Let a thousand flowers bloom, but with at least three conditions: first, real rigour about results and oversight, and a limit on profit in public service: the G4S Olympic experience should be a stark lesson to us. Secondly, no devolution of democratic accountability: no ministers blaming contracts when the buck stops with them. Thirdly, the openness to different options cuts both ways: there should be no shyness about using a public or mutual option where it makes sense. Our first instinct should be to make public services better, not a short-term grab for the market.

One key aspect of this approach is the devolution of power. To a good degree what constitutes well-being is best defined by individuals and communities themselves. And a sense of autonomy and control are usually part of that definition, as well as good democratic principles we should be championing in their own right.

These are all arguments not just for greater power for users, but for localism more generally. Of course, in this there is a careful balance to be struck. We have to genuinely loosen control, but autonomy needs to be balanced by accountability, and there are limits to how far it can be allowed to clash with fundamental values of equality, fairness and social justice.

Negotiating where to draw the line in each circumstance will be the key task. But the old debate between localism and the postcode lottery in some ways over-simplifies the issue. It is not a simple choice between uniformity and inequality. Rather we have to make a case-by-case judgment about what works, about what things need to be universal or prescribed and what can be local or individual. And in making that judgment there are many alternatives to the poles of pure localism and central control.

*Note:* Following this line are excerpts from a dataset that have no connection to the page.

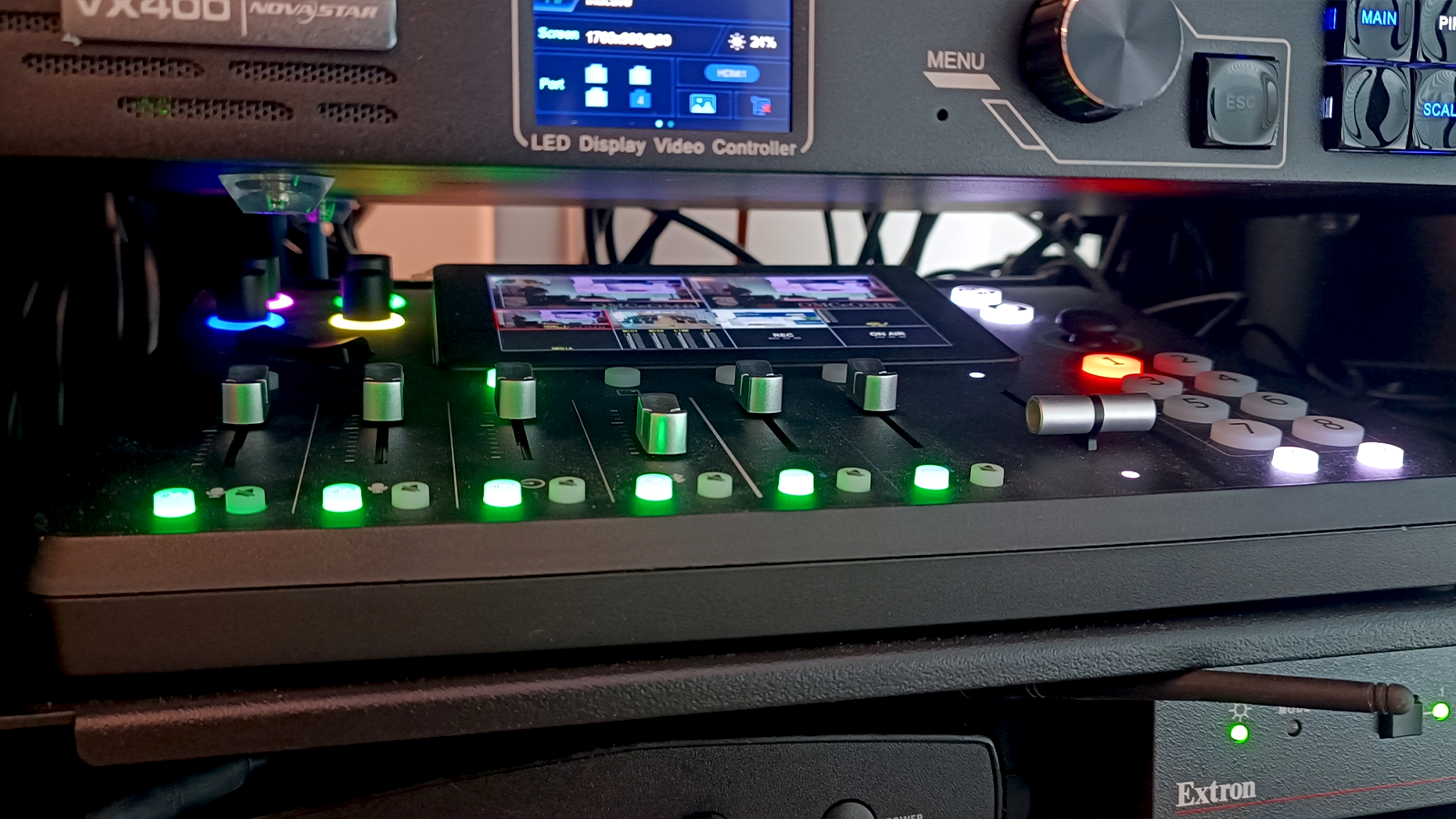 L’intero sistema lavora in sinergia con le sopracitate matrici video Extron e il mixer RGBlink MINI-MX, consentendo la gestione coordinata delle sorgenti visive e sonore in modo intuitivo, con possibilità di streaming immediato o registrazione degli eventi.
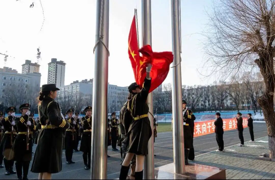 晨光里,五星红旗冉冉升起,全体师生肃立注目,共唱国歌。庄严的旋律里,是同学们对祖国的热爱,更是助力大冬会,奋进向未来的青春誓言!
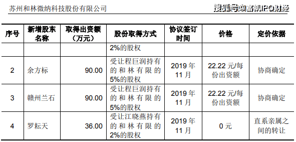 另据招股书披露,和林科技在2019年11月发生了股权变动,引入了部分新增股东,其中其中苏州和阳为发行人的员工持股平台,余方标和赣州兰石为财务投资者。

There is a link here to the idea of the relational state, which a number of colleagues including Jacqui Smith have discussed. Deeper relationships between services and those they serve are valuable as an end in themselves, but also as a means – a way to harness the power of coalitions of users and providers to find solutions for personal and social problems, with government creating the right conditions and providing oversight rather than dictating the outcome. It’s not just the NHS that could benefit from this more relational approach – job centre staff, for example might be more empowered to work with their “clients” to address the whole range of problems holding them back, rather than, as sometimes happens, just treating them as boxes to be ticked.
This might lead to a wider cultural change – and it could actually challenge the sense that government is something that just happens to you. We could not just engage people in the services they use, but also engage them in ‘politics’ generally.

Clearly, there is a lot of work yet to do on how new approaches like this could work in practice – and again, a careful balance needs to be struck between autonomy and equality. But I think this is the direction we should be taking, it would be in the truest traditions of Labour.